Despite Nike's (NYSE:NKE) solid fiscal fourth quarter results in late June, shares of the athletic apparel behemoth currently sit almost exactly where they started this year. Meanwhile, the S&P 500 has steadily marched almost 10% higher over the same period.
But Nike shareholders shouldn't be running for the hills today. With only a few weeks until Nike's next quarterly report, now's a great time to review what the company has told investors to expect going forward. Here are five things, then, that Nike's management wants you to know.

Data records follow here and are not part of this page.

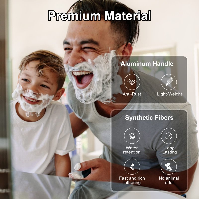 - Synthetic Brush Hair - Premium synthetic fiber is durable and has no animal odor. It makes creamy lather just as other fancy big brushes.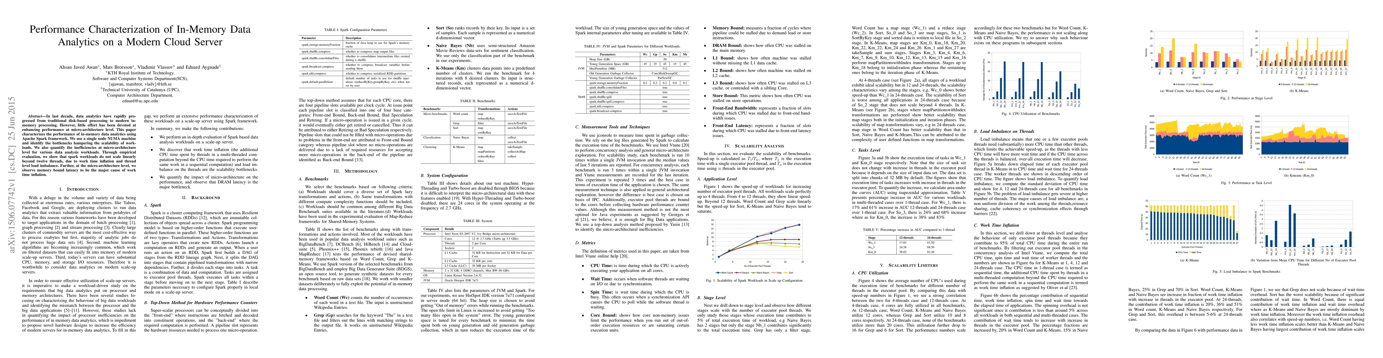 This paper characterizes the performance of in-memory data analytics on a modern cloud server using Apache Spark, identifying bottlenecks and inefficiencies at the micro-architecture level. Empirical evaluation reveals that Spark workloads do not scale linearly beyond twelve threads due to work time inflation and thread level load imbalance, primarily caused by memory bound latency.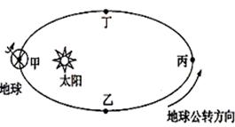 小题1: 图示为地球公转示意图,甲为近日点附近(1月初),丙为远日点附近(7月初),北斗导航卫星发射升空发生在2012年9月19日,应该在7月以后,次年1月以前,所以应选择丁点附近,

Nike's growth is far from over
Nike is currently a $68 billion company that grew revenue 10% last fiscal year to $28 billion. So how much longer until the market's law of large numbers spurns that growth? Here's what Nike CEO Mark Parker thinks:
As we continue to get bigger as a company, I am often asked: How can Nike continue to grow? Well, first and foremost, there is absolutely no shortage of growth opportunities for Nike. This has never been clear to me as it is today. When I look within and across our five brands, six geographies and eight categories, I see tremendous untapped potential.
Parker says that not only includes extending Nike's leadership position in running, football, and basketball footwear, but also building on its early foundations in areas like performance apparel and women's. As a largely male-centric brand, for example, Nike maintains a goal of growing its women's revenue by roughly 40% over last year to $7 billion by fiscal 2017.

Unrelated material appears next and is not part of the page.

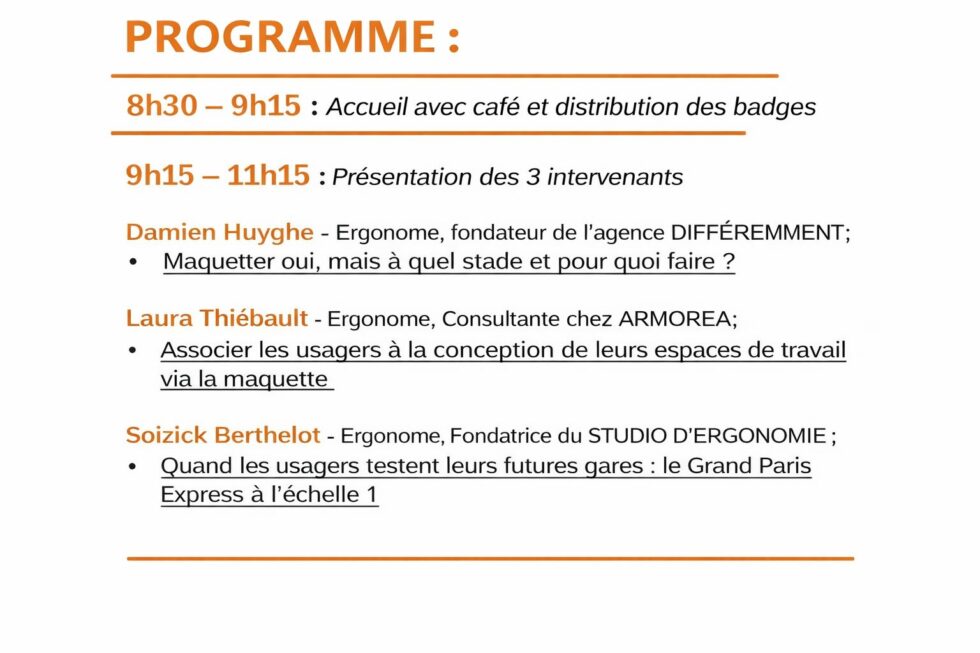 Les étudiants du Master STAPS : Ingénierie et Ergonomie de l’Activité Physique, de l’université de Rennes 2, nous invite à participer à leur séminaire annuel : Place du maquettage dans la conception et l’aménagement de l’environnement de travail

Another opportunity awaits geographically, especially as Nike resets its business in China. China only represented 10%, or $2.6 billion, of Nike's sales last year. While the company still has work to do in China going forward, management insists recent investments in direct-to-consumer (DTC) growth and fine tuning seasonal flow of product in the region have set the stage for years of sustainable growth down the road.

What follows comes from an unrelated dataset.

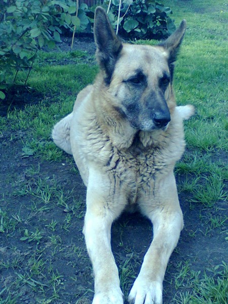 Lidzigs vilka sunim,dzeltena krasa ar kakla siksnu,izmuka no majam,miermiligs atsaucas uz vardu Dzeks.

It's (still) all about the consumer
At the same time, Nike knows it can't achieve meaningful growth without maintaining an out-sized focus on knowing its customers. Parker elaborated:
The key to unlocking this potential is and always has been to focus on the consumer. Our relationship with the consumer is something we need to earn every day. Increasingly this relationship is one to one through the lens of their favorite sport. This is why our Category Offense is such a powerful advantage. The insights we draw from our deep consumer connections fuel our ability to create new products and services that excite and engage.
For reference, Nike's "Category Offense" is essentially a way of compartmentalizing the focus of its business into discrete pieces. Specifically, those include Running, Global Football, Basketball, Men's Training, Women's Training, Action Sports, and Sportswear. With this divide-and-conquer approach, Nike can send a more personalized message to consumers who often tend favor one or two specific categories over the others.
Nike's innovations are "unmatched"
I'm sure Nike's smaller competitor in Under Armour might beg to differ on this one, but Parker unsurprisingly insists:
Our unmatched ability to innovate is how we turn insights from athletes and consumers into amazing products and services that no one else can deliver. [...] The products we launched this year were the culmination of an intense period of creativity for us. But make no mistake, there is much more in the pipeline.
No matter what the competition thinks, Nike's innovative resume has been impressive over the last year, including its form-fitting Flyknit tech in its KOBE 9 Elite basketball shoe, Flywire technology to make its shoes lighter, and even the utilization of a 3D-printed cleat plate in its Vapor Carbon Elite football shoes in time for Super Bowl XLVIII.
What's more, Parker says, Nike is investing significant resources into furthering its understanding of consumers through innovative digital initiatives and a "goal to grow the Nike+ community from tens of millions to hundreds of millions of members."
Direct-to-consumer sales are a boon for sales, margins
High margin DTC sales are a great way for retailers to boost profits by effectively cutting out the middleman. It's no surprise, then, that Nike CFO Don Blair repeatedly refers to the DTC segment as one of Nike's "key growth initiatives."
In fact, Nike Brand president Trevor Edwards stated, "Nike Brand DTC revenue was up 27% for the fiscal fourth quarter, with 22% for the year, putting DTC revenue past the $5 billion dollar mark."
Sure enough, Blair later elaborated strength in Nike's DTC business was a primary reason gross margin came in better than expected last quarter. As long as DTC continues to thrive, Nike should enjoy upside in both sales and margins.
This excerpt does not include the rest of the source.